O Papa explicou que este pai não dizia “estou orgulhoso de você porque és igual a mim, porque repetes as coisas que eu digo e que eu faço. Não, não lhe diz simplesmente qualquer coisa. Diz-lhe algo de bem mais importante, que podemos interpretar assim: ‘Serei feliz toda vez que te ver agir com sabedoria e estarei comovido toda vez que te ouvir falar com retidão’”.

“Isso é aquilo que quis te deixar, para que se tornasse uma coisa tua: a atitude de sentir e agir, de falar e julgar com sabedoria e retidão.
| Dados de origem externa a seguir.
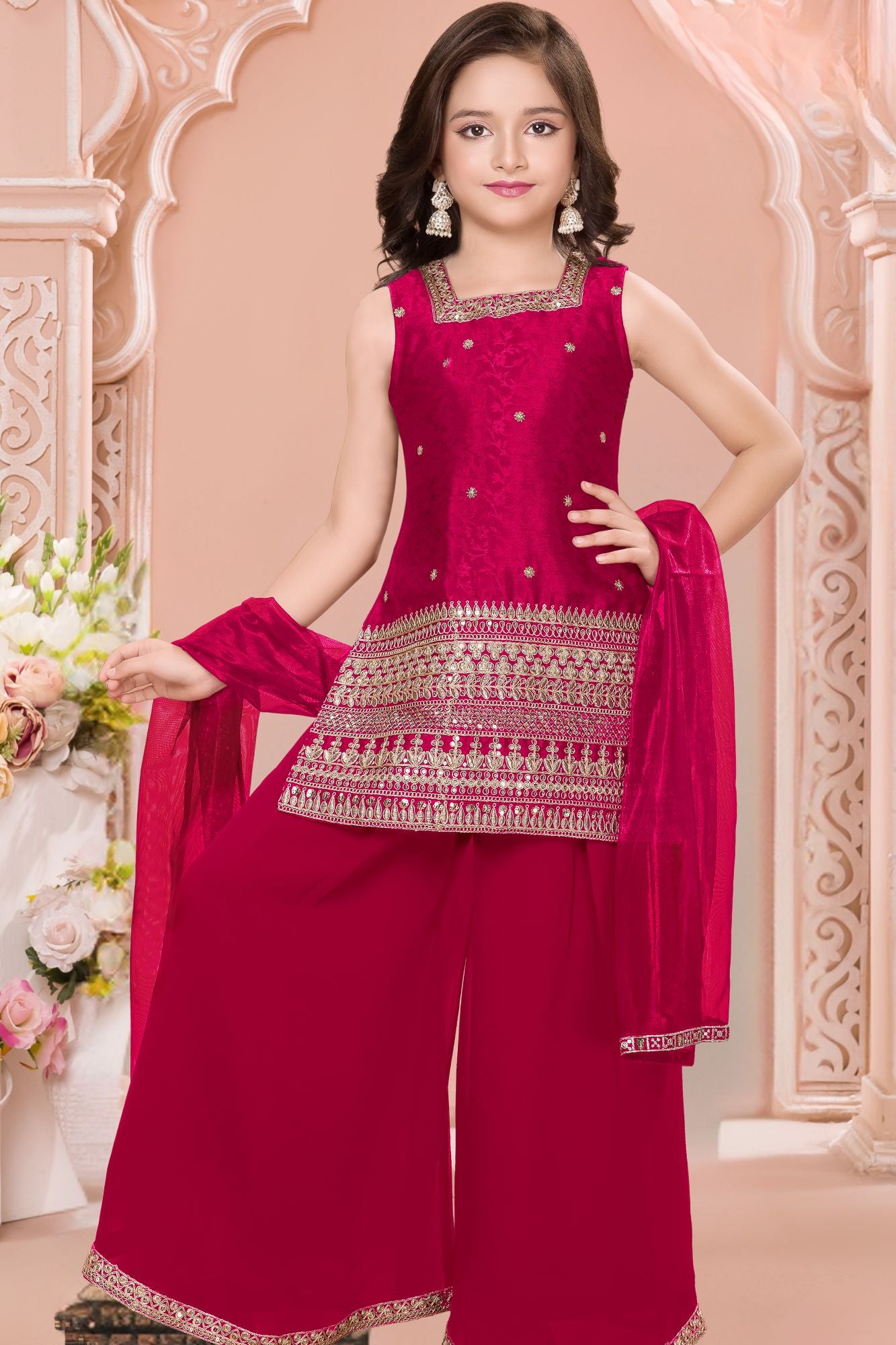 Rani Pink Embroidered Palazzo Set For Girls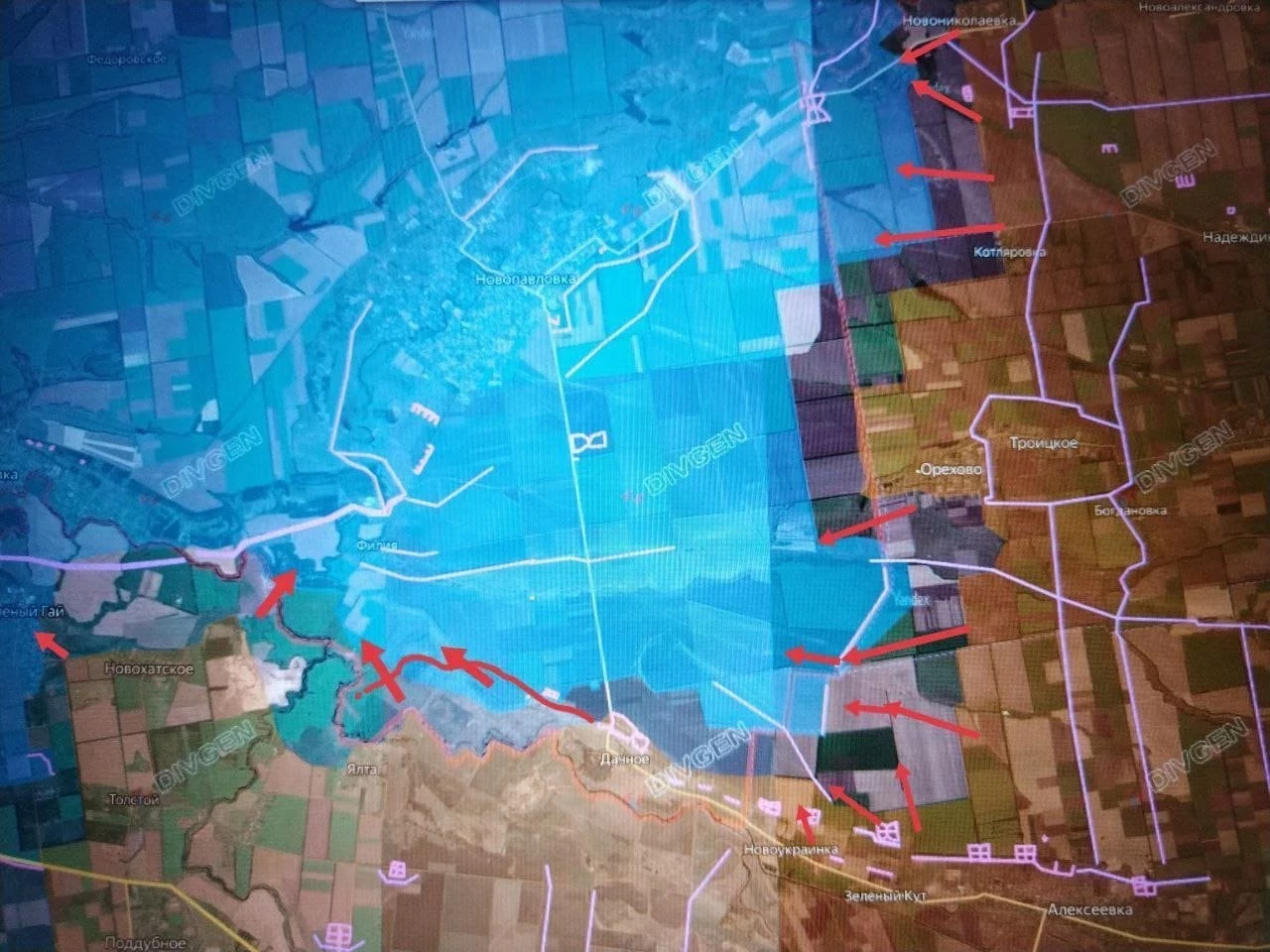 На юге Угледарского фронта ВС РФ продавливают оборону ВСУ на южных подступах к Темировке и по линии Камышеваха-Александровград. Также стараются создать сплошную зону контроля к югу и востоку от Зелёного Гая. Продвигаются в «кармане» между Зелёным Кутом и Орехово.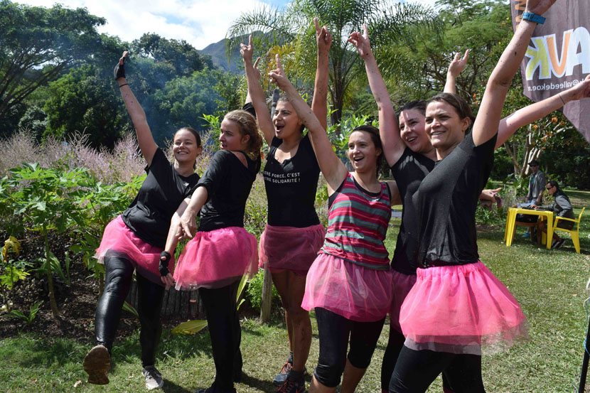 L'équipe des poulettes est fière. Avec leurs jupons roses, elles ont terminé le parcours avec le sourire, malgré la difficulté de certains obstacles.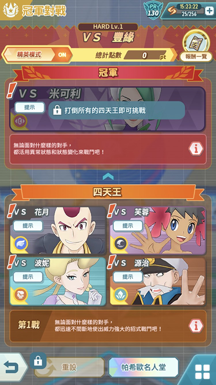 需先通過「NORMAL」難度的「VS 關都」才能挑戰「冠軍之路」和「HARD Lv.1」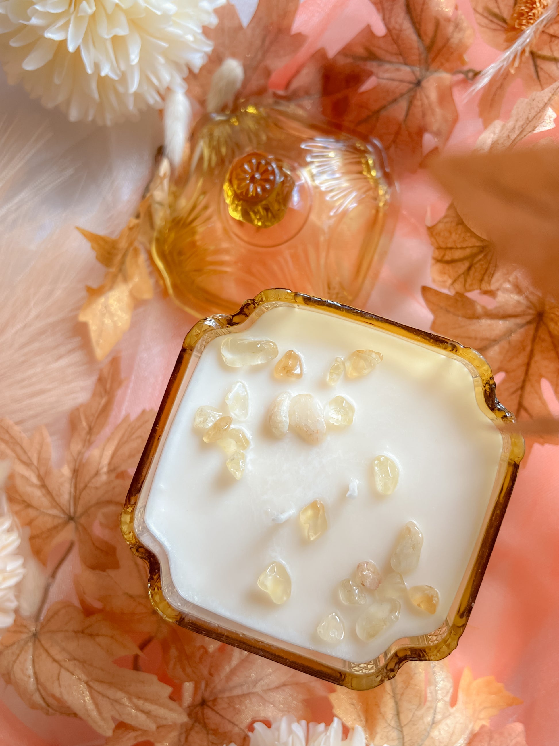 The surface is adorned with genuine citrine crystals, radiating warmth, joy, and positive energy, adding a touch of elegance and magical sparkle. Once burned, the candy dish remains a stunning vintage keepsake, perfect for display, seasonal decor, or storing little treasures.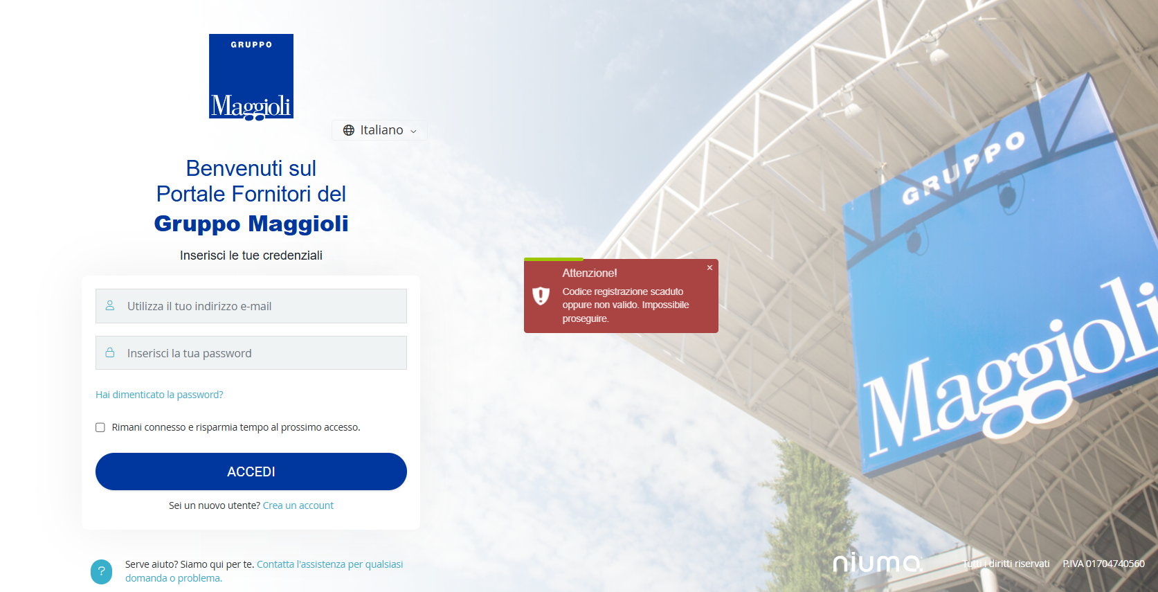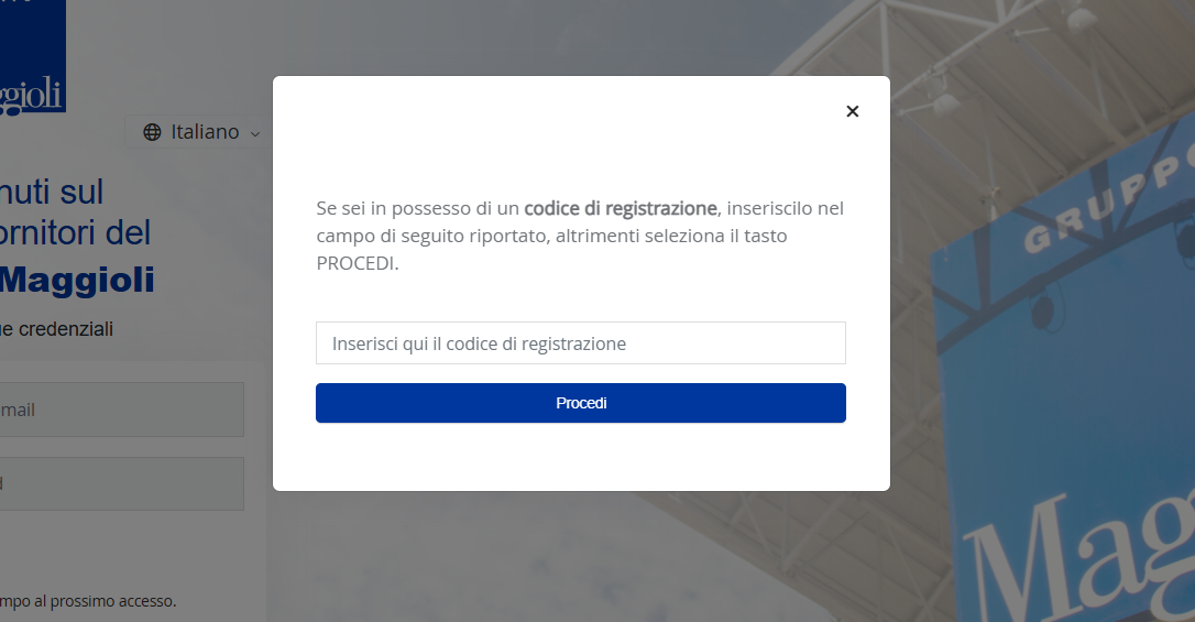 Si precisa che in caso di errore o scadenza della validità comparirà il pop up di errore: "Attenzione Codice di registrazione scaduto oppure non valido. Impossibile proseguire!" (Figura 4)

E para que tu pudesses ser assim, te ensinei coisas que não sabia, corrigi erros que não vias. Fiz você sentir um afeto profundo e ao mesmo tempo discreto, que talvez não reconhecestes plenamente quando eras jovem e incerto. Dei a você um testemunho de rigor e de firmeza que talvez você não entendeu, quando você quis somente cumplicidade e proteção”.

O Papa continuou com o exemplo: “precisei eu mesmo, primeiro, colocar-me à prova da sabedoria do coração e vigiar sobre os excessos de sentimento e do ressentimento, para levar o peso das inevitáveis incompreensões e encontrar as palavras certas para me fazer entender. Agora, continua o pai – quando vejo que você procura ser assim com os teus filhos, e com todos, me comovo. ‘Sou feliz de ser teu pai’”.

E “é assim que diz um pai sábio, um pai maduro.”, assegurou Francisco.

Por último, o Papa assegurou que “a Igreja, nossa mãe, é empenhada em apoiar com todas as suas forças a presença boa e generosa dos pais nas famílias, porque esses são para as novas gerações protetores e mediadores insubstituíveis da fé na bondade, da fé na justiça e na proteção de Deus, como São José”.